Information provided
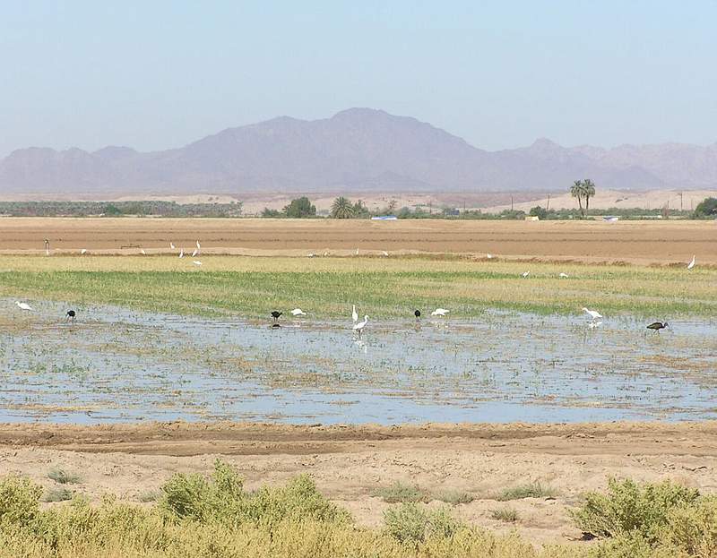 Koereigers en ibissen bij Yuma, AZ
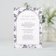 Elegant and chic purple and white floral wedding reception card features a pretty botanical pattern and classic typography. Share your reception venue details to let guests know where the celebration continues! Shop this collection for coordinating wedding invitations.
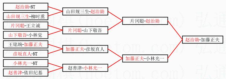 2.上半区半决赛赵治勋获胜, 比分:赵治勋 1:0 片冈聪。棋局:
==
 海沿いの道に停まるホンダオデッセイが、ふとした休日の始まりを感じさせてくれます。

What the exercise asks
Quote word for word only the lines above from the one containing "Elegant and chic" through the one containing "2.上半区半决赛赵治勋获胜, 比分:赵治勋 1:0". Pictures stay out of your copy.

Answer space
 Elegant and chic purple and white floral wedding reception card features a pretty botanical pattern and classic typography. Share your reception venue details to let guests know where the celebration continues! Shop this collection for coordinating wedding invitations.
 2.上半区半决赛赵治勋获胜, 比分:赵治勋 1:0 片冈聪。棋局:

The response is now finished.